Enfin, le document intitulé "journal salaire X.________" présente des
chiffres qui correspondent aux extraits bancaires et aux quittances produites
par le recourant. Certes, en l'état du dossier, il n'est pas possible d'établir
avec exactitude le salaire effectivement perçu du recourant, en particulier
pour l'année 2004; en revanche, il est suffisamment établi que le recourant a
bien perçu un salaire et qu'il a ainsi exercé une activité soumise à
cotisation. La durée de celle-ci pendant le délai-cadre étant suffisante - ce
qui n'est d'ailleurs pas contesté -, la décision attaquée doit en conséquence
être annulée et la cause renvoyée à la caisse pour qu'elle examine si les
autres conditions dont dépend le droit à l'indemnité sont réunies et, dans
l'affirmative, détermine le gain assuré.
4.
Le recourant, qui a procédé par l'intermédiaire d'un
avocat et obtient gain de cause, a droit à des dépens (art. 55 al. 1 LJPA).
Dispositif
Par ces motifs
le Tribunal administratif
arrête:
I.
Le recours est admis.
II.
La décision sur opposition de la Caisse cantonale de
chômage du 4 octobre 2005 est annulée et la cause renvoyée à cette autorité
pour nouvelle décision dans le sens des considérants.
III.
Il n'est pas perçu d'émolument.
IV.
La Caisse cantonale de chômage versera à X.________ un
montant de 1'000 (mille) francs à titre de dépens.

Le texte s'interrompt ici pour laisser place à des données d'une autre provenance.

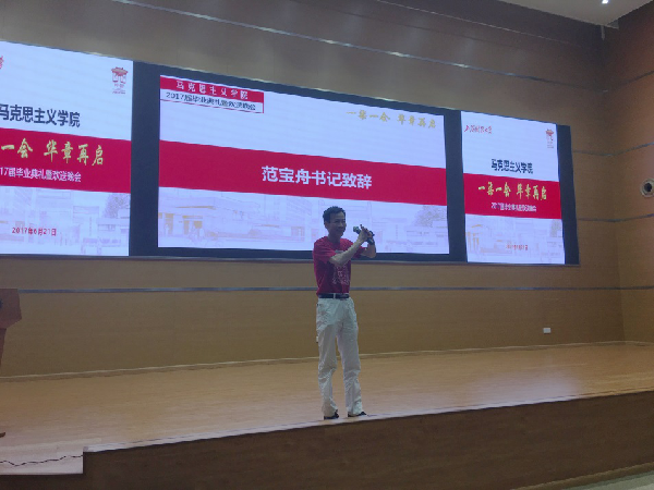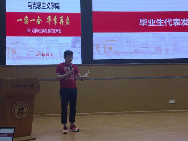 随后,学院领导、教师代表和毕业生代表一一上台发表讲话。章忠民院长首先恭贺了2017届毕业生们的顺利毕业。他引用黑格尔的名言:“一个过程的终点同时又是另一个过程的起点”,以此寄语毕业生,希望毕业生们继续秉持上海财大“厚德博学,经济匡时”的校训,以及马克思主义学院马克思主义的理论底色,走向工作岗位,披荆斩棘,创造更大的成绩;范宝舟书记深情地回顾了自己的人生往事,并期望毕业生们能够“常回家看看”,常回马院看看;马克思主义学院资深教授鲁品越老师富有激情地勉励大家要有理论自信,“敢于亮剑”,用马克思主义这一真正科学和有力的理论武器解决现实问题,做出成绩;冯金华教授和青年教师代表徐圣龙老师都奉上了对毕业生们的美好祝福。

Lausanne, le 27 juillet 2006
Le président: Le
greffier:
Le présent arrêt est
communiqué aux destinataires de l'avis d'envoi ci-joint
La présente décision peut
faire l'objet, dans les trente jours suivant sa communication, d'un recours au
Tribunal fédéral des assurances, Schweizerhofquai 6, 6004 Lucerne. Le recours s'exerce
par acte écrit, déposé en trois exemplaires, indiquant :
a) quelle
décision le recourant désire obtenir en lieu et place de la présente décision;
b) pour
quels motifs le recourant s'estime en droit d'obtenir cette autre décision;
c) quels moyens de preuve le
recourant invoque à l'appui de ses motifs.
La présente décision et l'enveloppe dans laquelle elle a
été expédiée, ainsi que les pièces invoquées comme moyens de preuve,
lorsqu'elles se trouvent en mains du recourant, seront jointes au recours.